Centre decries gender disparity in procurement laws, processes
Public and Private Development Centre (PPDC), has raised concern over gender disparity in the Public Procurement Act, and processes that discourage women from fully participating in the contract bidding process.
According PPDC, women are often side-lined in the public procurement process by many factors such as lack of access to information technology, cultural bias and lack of understanding of the contract process.
The Project Director PPDC, Ifeoma Onyebuchi, said in Abuja that the recently-signed Procurement Act does not have a clause that gives women a specific quota in the bidding process.
She noted that the Ekiti Procurement Act, for instance, provides a 30 per cent quota for women, saying that such gesture increases women’s interest to participate in the bidding process, and also empowers them economically, and enables them vie for electoral offices.
She explained that the project, “Deepening Women Participation in Procurement Process,” being implemented in Nigeria and Kenya reviews the level of institutional arrangements and policies that inhibit women’s participation.

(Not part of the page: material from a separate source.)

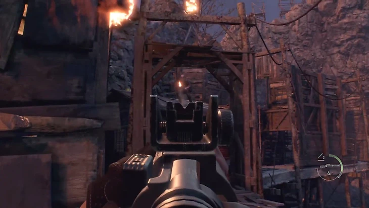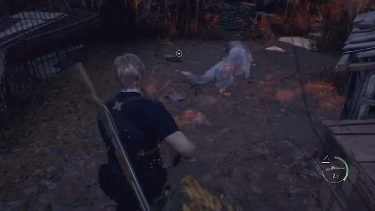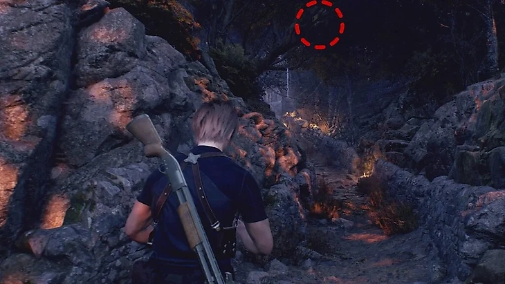 Вернитесь в помещение с картой и спуститесь в подвал. Вскоре Леон выйдет на тропу и сразится с крестьянами. Первый же враг бросает в героя коктейли Молотова – поскорее с ним разберитесь.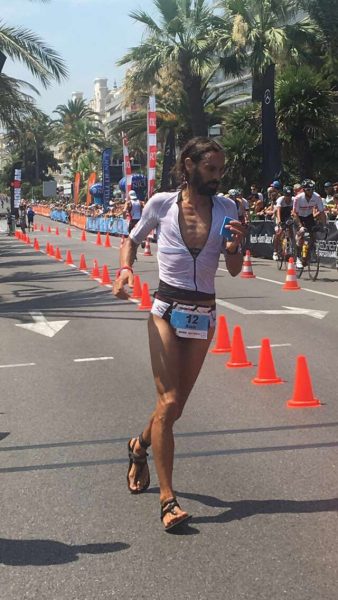 Alain Djouad Gibert termine en 10h40 avec un vélo recyclé, des dattes pour seul ravitaillement et il a couru le marathon en sandales.

Onyebuchi said: “The project attempted to ascertain the level of enabling the environment to which Nigerian women across formal and informal sectors can leverage to actively engage in all public contracting processes.”

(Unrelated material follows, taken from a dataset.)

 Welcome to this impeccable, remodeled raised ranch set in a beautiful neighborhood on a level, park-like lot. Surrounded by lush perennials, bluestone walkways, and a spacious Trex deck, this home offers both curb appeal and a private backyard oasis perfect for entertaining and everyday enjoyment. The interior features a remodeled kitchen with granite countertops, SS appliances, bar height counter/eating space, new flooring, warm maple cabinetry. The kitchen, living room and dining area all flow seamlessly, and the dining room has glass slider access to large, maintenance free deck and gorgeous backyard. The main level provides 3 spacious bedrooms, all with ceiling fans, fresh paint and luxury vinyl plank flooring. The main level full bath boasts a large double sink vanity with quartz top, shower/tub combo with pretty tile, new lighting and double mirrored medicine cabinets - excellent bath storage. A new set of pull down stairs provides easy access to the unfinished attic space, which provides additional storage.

To further improve women’s participation in public contracting, the project recommended tax reduction or waivers for small businesses to help them thrive and bid for contracts.

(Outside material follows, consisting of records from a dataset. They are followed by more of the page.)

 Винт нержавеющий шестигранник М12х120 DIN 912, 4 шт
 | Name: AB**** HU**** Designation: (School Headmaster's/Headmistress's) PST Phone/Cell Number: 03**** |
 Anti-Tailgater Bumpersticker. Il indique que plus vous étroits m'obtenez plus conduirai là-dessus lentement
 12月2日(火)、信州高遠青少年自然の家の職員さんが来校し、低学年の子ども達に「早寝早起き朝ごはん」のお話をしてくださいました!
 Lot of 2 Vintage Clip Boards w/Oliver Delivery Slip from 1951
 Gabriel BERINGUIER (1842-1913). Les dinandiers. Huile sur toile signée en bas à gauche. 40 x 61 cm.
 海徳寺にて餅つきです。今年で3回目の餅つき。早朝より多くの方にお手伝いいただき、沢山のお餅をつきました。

It added that there is the need to provide capacity building initiatives and programmes to empower women in informal sector to form cooperatives.
The recommendation also harped on the need for non-governmental organisations (NGOs), and civil society groups (CSOs) to educate women at the grassroots with government assisting with bidding for contracts.
It also stressed a need for the government to amend the law to apportion a certain percentage to women in the contracting process, and also provide access to funding opportunities for women to venture into procurement amongst others.
Spokesperson of the FCT Independent National Electoral Commission (INEC), Ndidi Okafor, decried the low participation of women in election process due to lack of funds and argued that if women were given a quota in public contracting, it will enable them to be economically empowered to participate in electoral processes.